> _Task_
Please write out all of the entries beneath this line exactly, skipping the pictures.

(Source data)
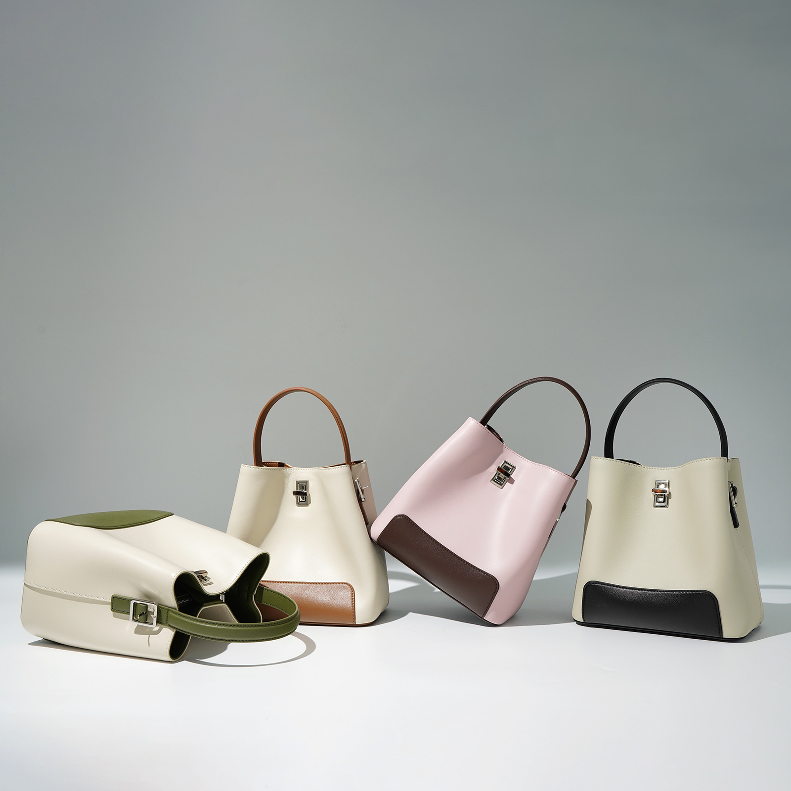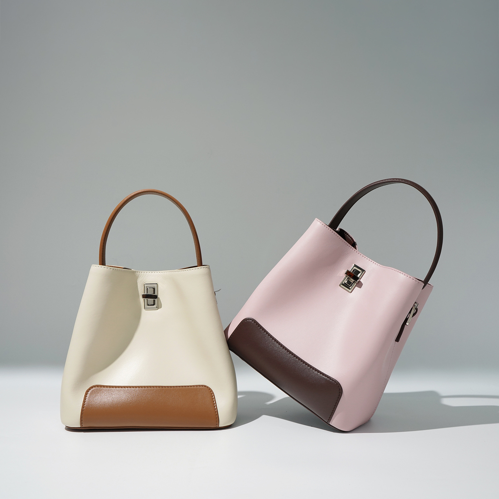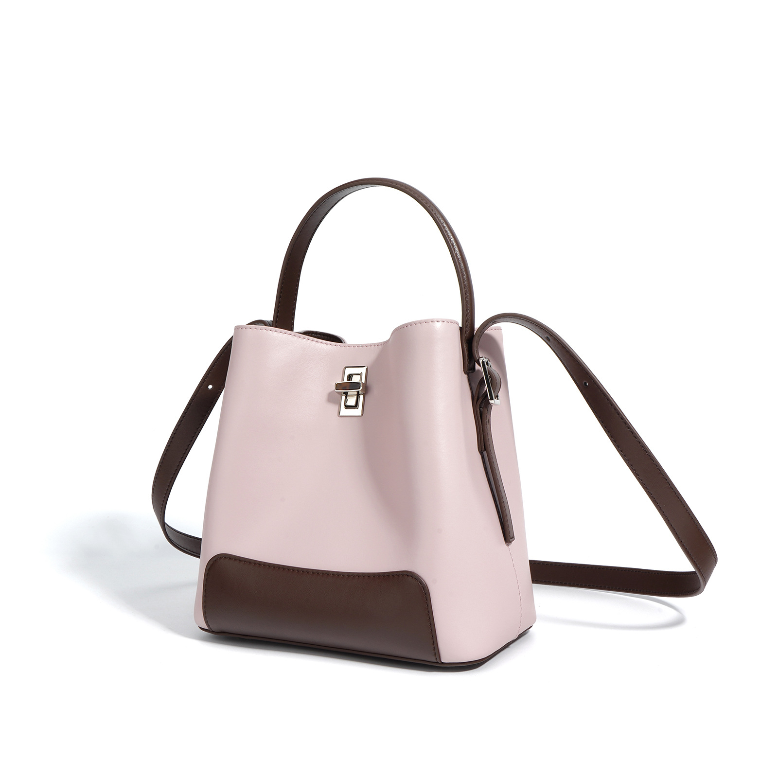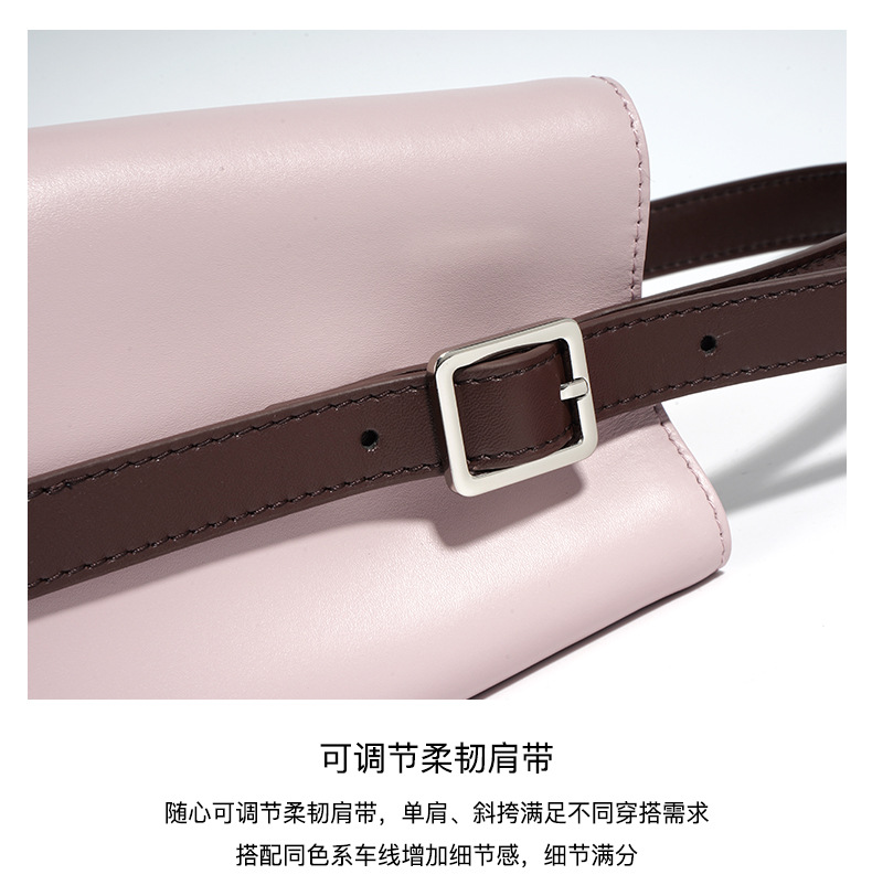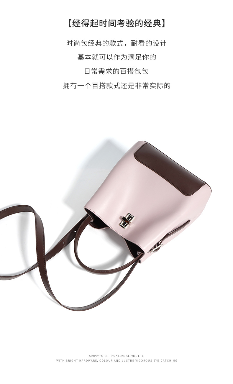 Color Block Genuine Leather Shoulder Bag
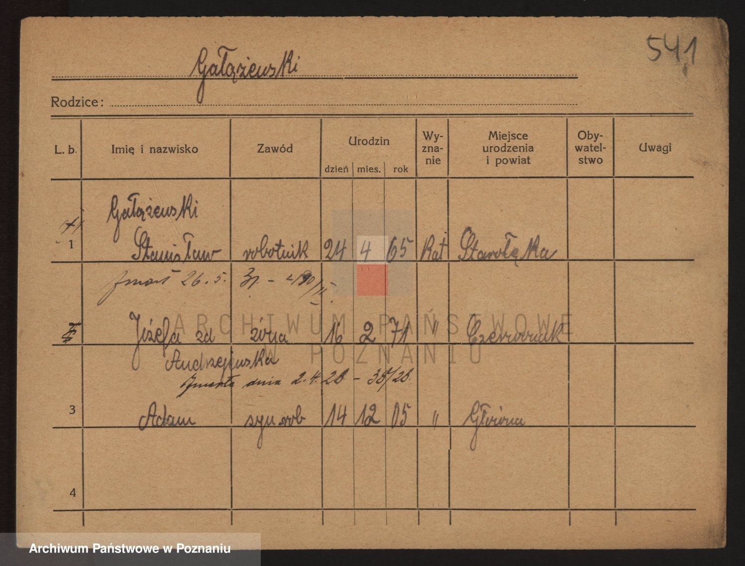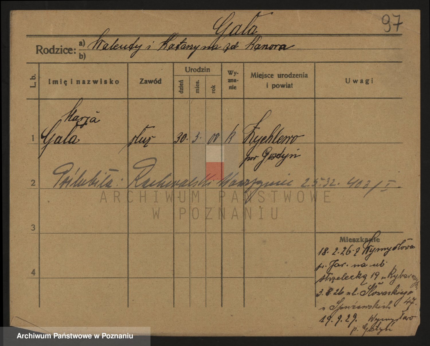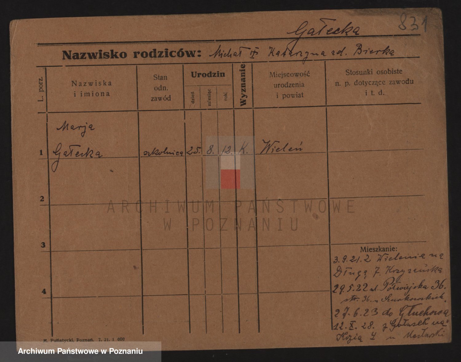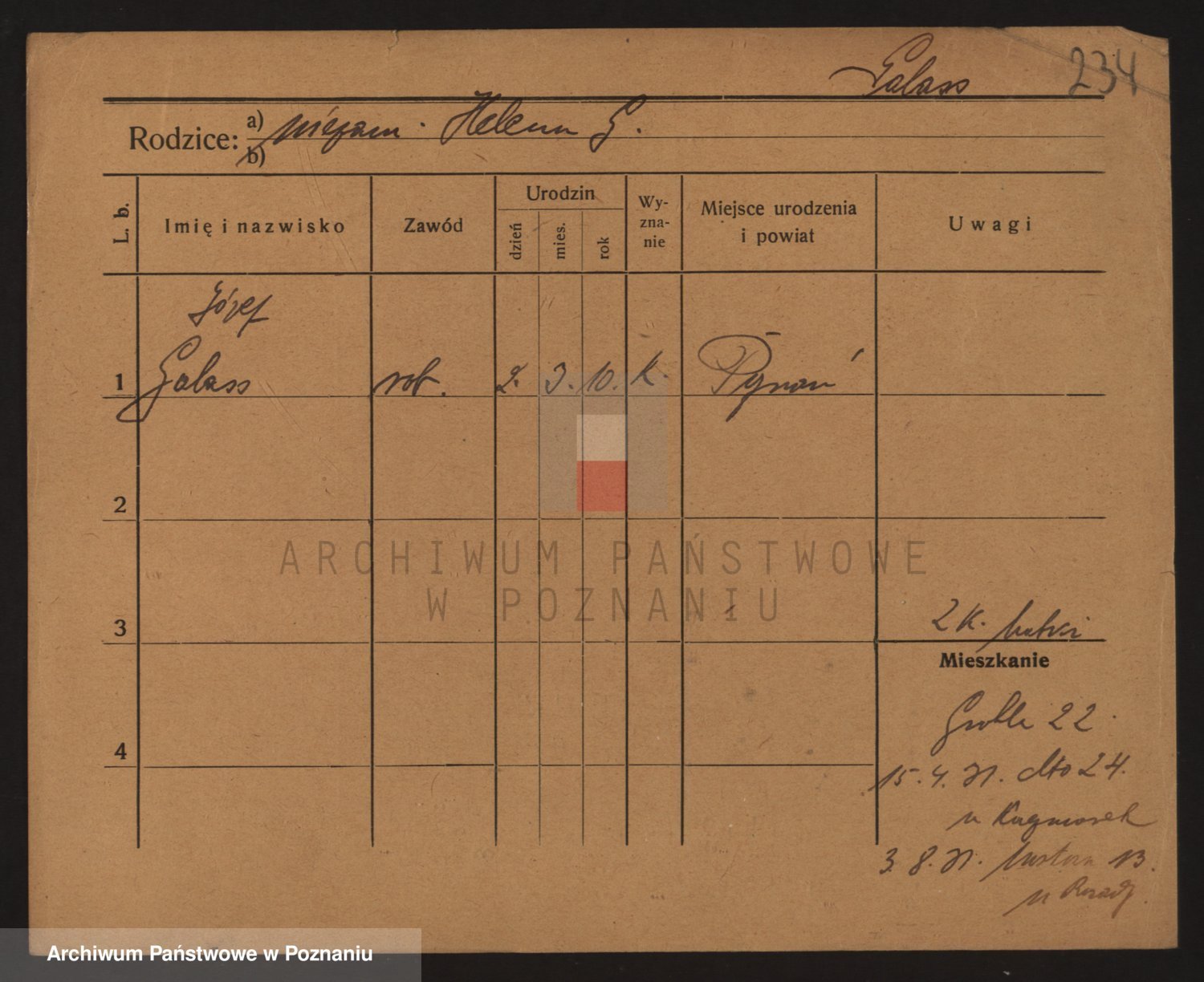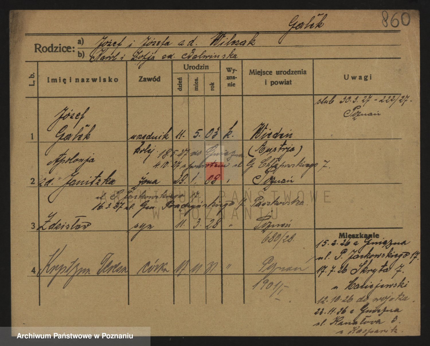 Podgląd karty osobowej dostępny jest po kliknięciu na nazwisko lub ikonkę karty. Można dokonywać powiększenia (ikony na górze) lub przechodzić między kolejnymi skanami (strzałki po bokach).
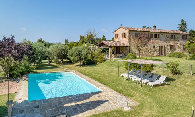 Magnificent Tuscan farmhouse totally restored, very close to the beautiful towns of Cortona and Montepulciano and minutes from Lake Trasimeno. The house has 4 bedrooms, powerful wi-fi, large kitchen, fireplace, private parking and study. The garden of 2500 square meters, includes a beautiful private pool. Surrounded by vineyards and oak and chestnut woods, it guarantees absolute relaxation and privacy. Ideal for 8/10 people.
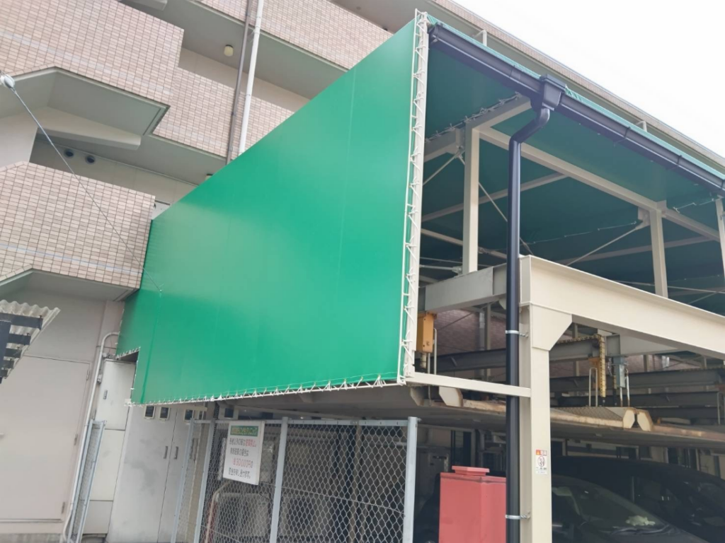 坂東テント工芸では、現地調査からシート製作、取付工事まで一貫して対応しております。マンションや駐車場設備に関する施工もお気軽にご相談ください。
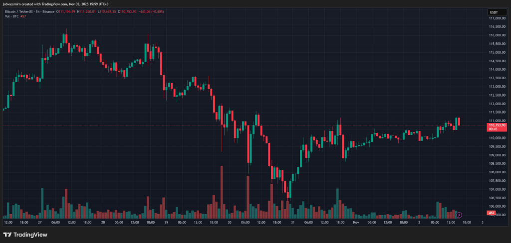 Затем биткоин восстановился к $110 000 после «замечательной» встречи президентов США и КНР — Дональда Трампа и Си Цзиньпиня. На ней стороны договорились о смягчении пошлин.
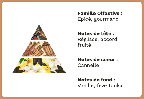 Un hommage vibrant à la cannelle épicée, ce parfum éveille les sens avec ses notes chaleureuses et sucrées. La réglisse et les accords fruités en tête offrent une introduction vive, avant de laisser place à une cannelle ardente, adoucie par une base de vanille et de fève tonka.
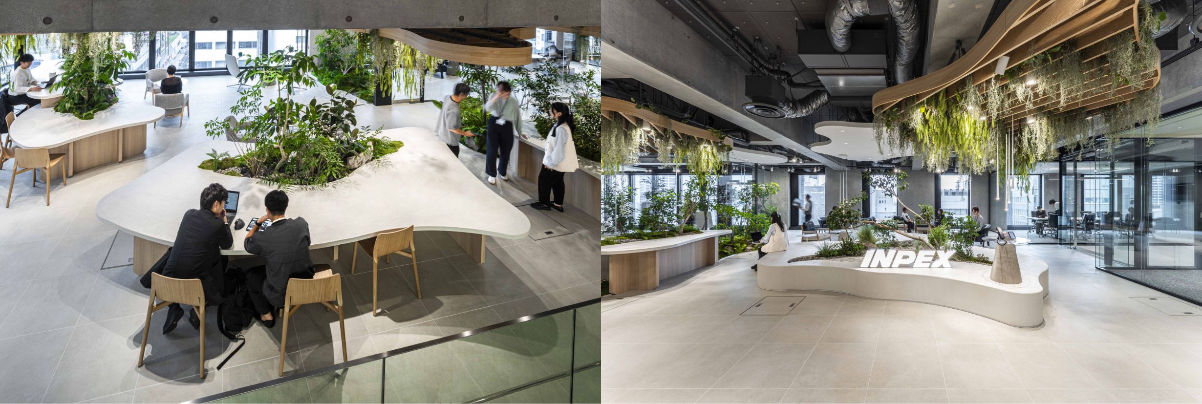 本施設の完成後、新潟駅前からふと見上げた夜景に、INPEXビルの吹き抜け階段が浮かび上がっていた。その階段を行き来する光景がとても象徴的で、人、地域、空間が活き活きと「循環」を体現しているように感じられた-——と西山氏は語ります。この空間には、見た目の美しさや機能性だけでなく、関わった人々との積み重ねが自然と反映されています。設計の意図と使い手の声が交わることで生まれたこの場は、今後も日々の業務や交流の中で、少しずつその意味を深めていくのかもしれません。

> _Solution to this task_
 Color Block Genuine Leather Shoulder Bag
 Podgląd karty osobowej dostępny jest po kliknięciu na nazwisko lub ikonkę karty. Można dokonywać powiększenia (ikony na górze) lub przechodzić między kolejnymi skanami (strzałki po bokach).
 Magnificent Tuscan farmhouse totally restored, very close to the beautiful towns of Cortona and Montepulciano and minutes from Lake Trasimeno. The house has 4 bedrooms, powerful wi-fi, large kitchen, fireplace, private parking and study. The garden of 2500 square meters, includes a beautiful private pool. Surrounded by vineyards and oak and chestnut woods, it guarantees absolute relaxation and privacy. Ideal for 8/10 people.
 坂東テント工芸では、現地調査からシート製作、取付工事まで一貫して対応しております。マンションや駐車場設備に関する施工もお気軽にご相談ください。
 Затем биткоин восстановился к $110 000 после «замечательной» встречи президентов США и КНР — Дональда Трампа и Си Цзиньпиня. На ней стороны договорились о смягчении пошлин.
 Un hommage vibrant à la cannelle épicée, ce parfum éveille les sens avec ses notes chaleureuses et sucrées. La réglisse et les accords fruités en tête offrent une introduction vive, avant de laisser place à une cannelle ardente, adoucie par une base de vanille et de fève tonka.
 本施設の完成後、新潟駅前からふと見上げた夜景に、INPEXビルの吹き抜け階段が浮かび上がっていた。その階段を行き来する光景がとても象徴的で、人、地域、空間が活き活きと「循環」を体現しているように感じられた-——と西山氏は語ります。この空間には、見た目の美しさや機能性だけでなく、関わった人々との積み重ねが自然と反映されています。設計の意図と使い手の声が交わることで生まれたこの場は、今後も日々の業務や交流の中で、少しずつその意味を深めていくのかもしれません。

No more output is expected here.